Your task is to return exactly the lines that run from the one containing "根据计划,东方盛虹5月13日" through the end of the listing below, without any pictures.

● Dataset excerpt:
☆ ☆ ☆ ☆ ☆ ☆ ☆
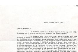 Santiago, Chile [a] Fernando Alegría Carta, 24 de octubre 1962, [manuscrito] Enrique Lafourcade.
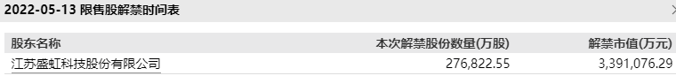 根据计划,东方盛虹5月13日将有27.68亿股定增限售股上市流通,占总股本比例46.55%,是解禁前流通盘的1.34倍,约合解禁市值339.11亿元。此次解禁涉及股东只有一家,为第一大股东江苏盛虹科技股份有限公司。
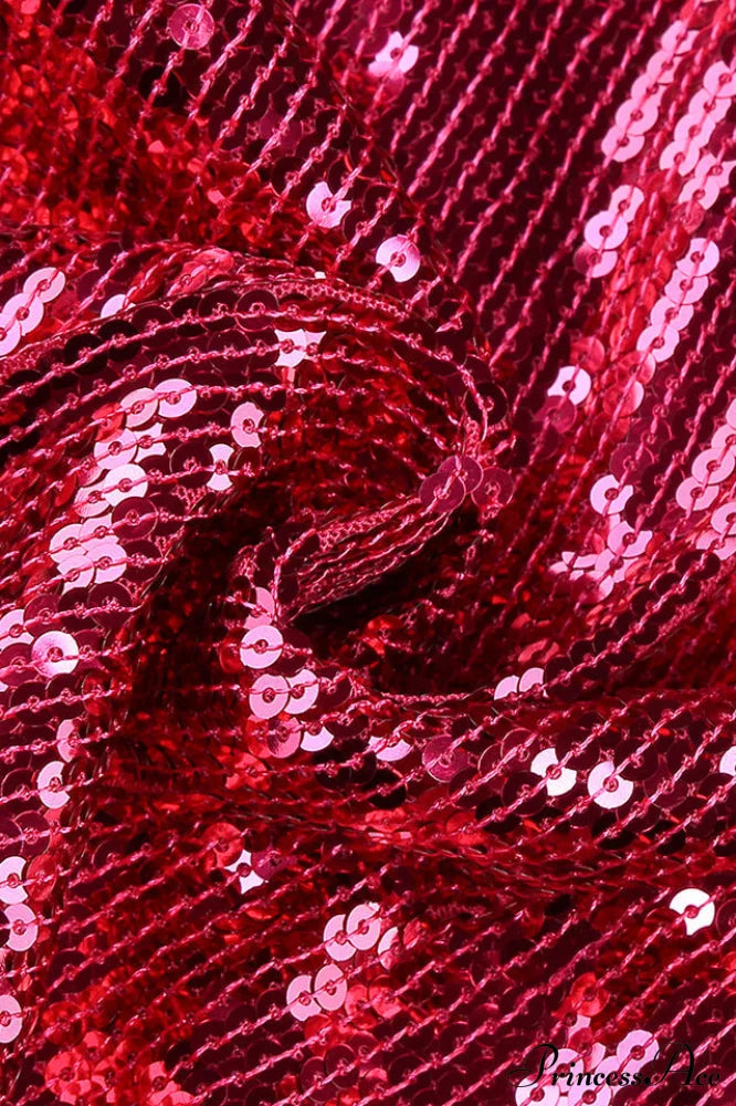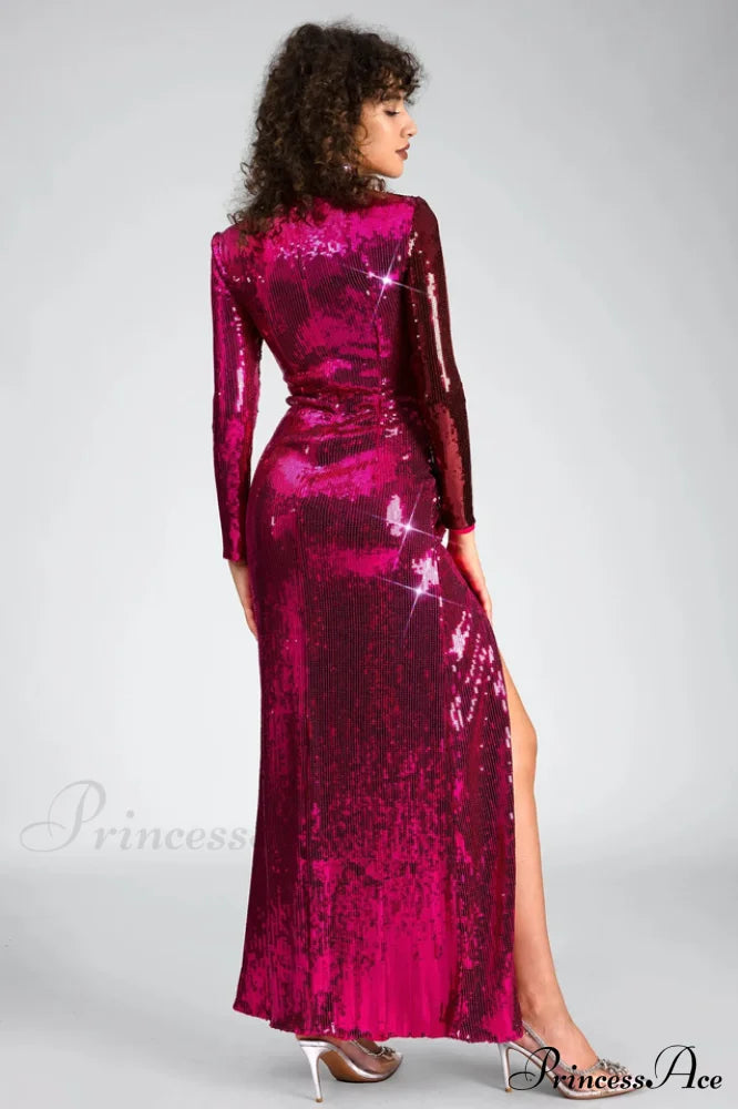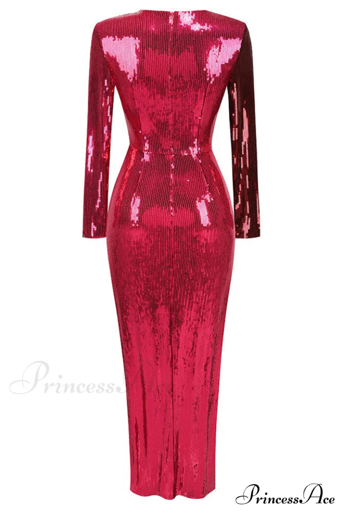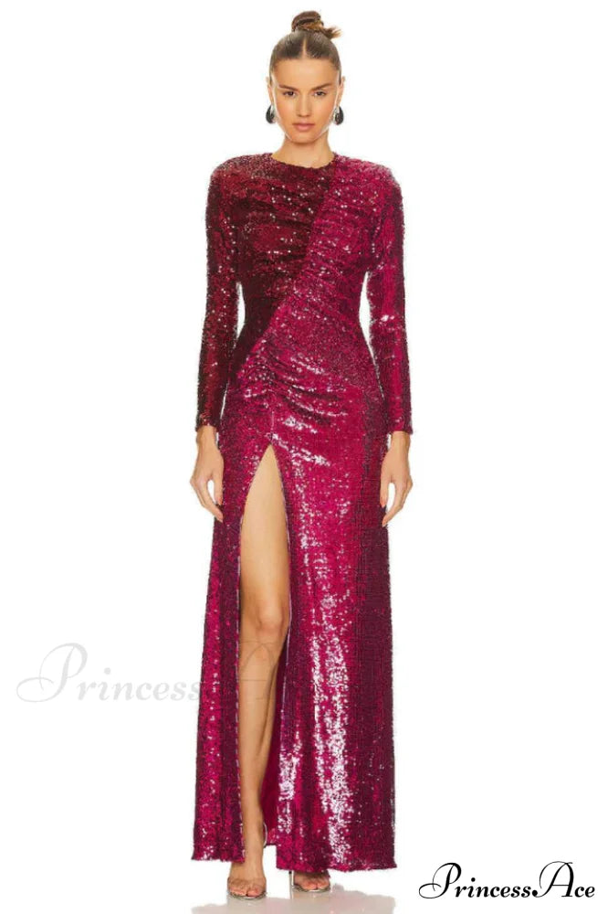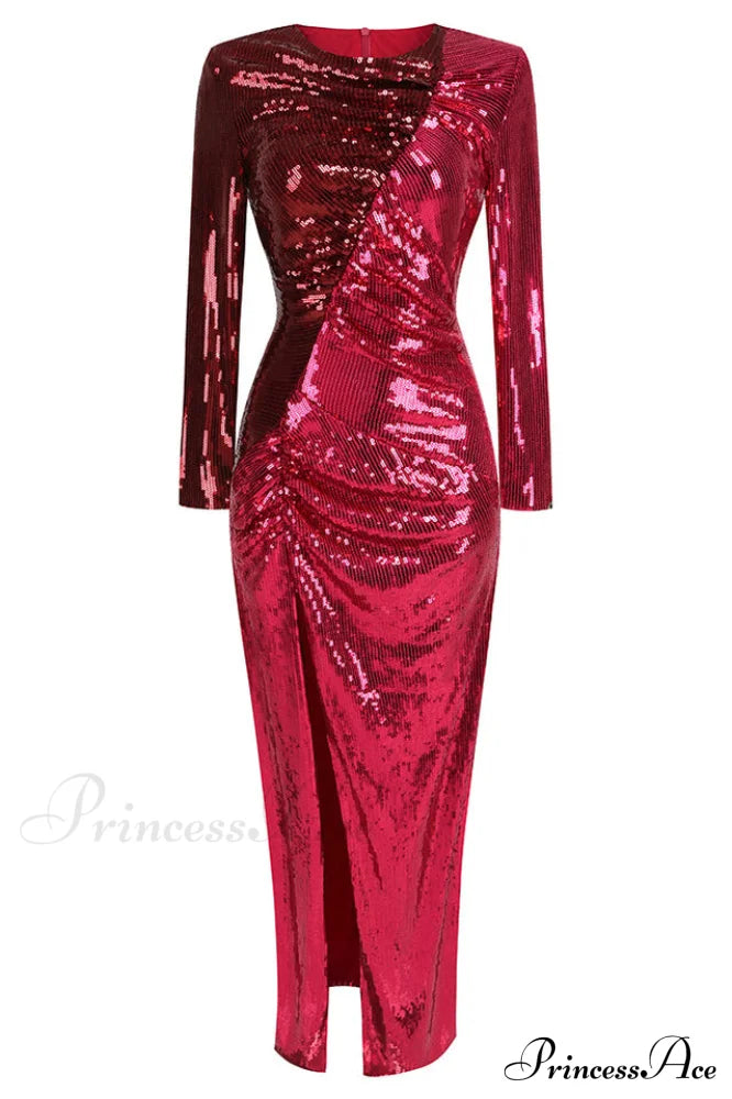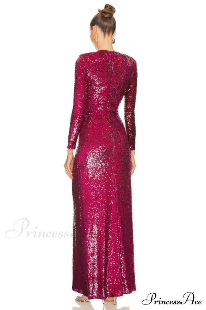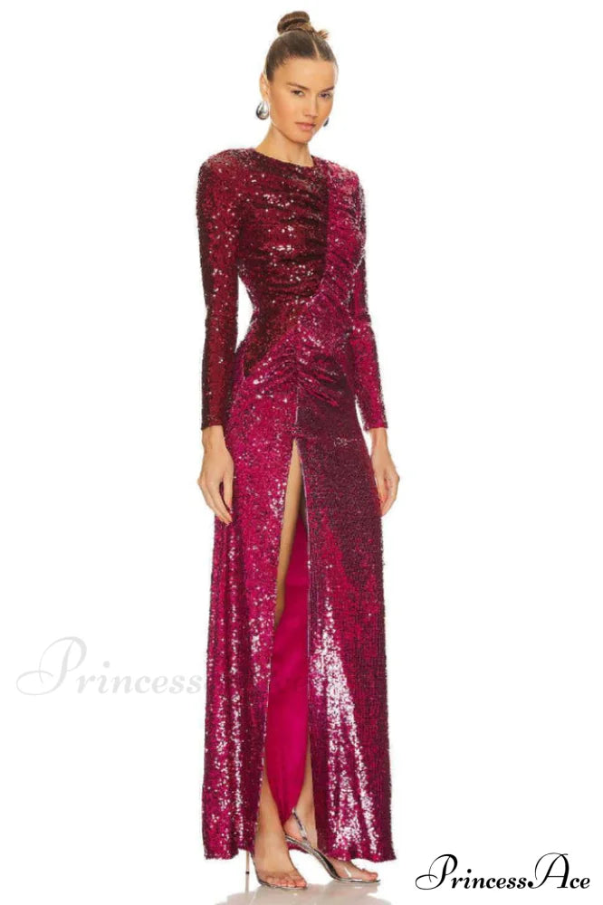 Burgundy Ruched Stylish Sequined Maxi Dress
☆ ☆ ☆ ☆ ☆ ☆ ☆
● Exercise result:
 根据计划,东方盛虹5月13日将有27.68亿股定增限售股上市流通,占总股本比例46.55%,是解禁前流通盘的1.34倍,约合解禁市值339.11亿元。此次解禁涉及股东只有一家,为第一大股东江苏盛虹科技股份有限公司。
 Burgundy Ruched Stylish Sequined Maxi Dress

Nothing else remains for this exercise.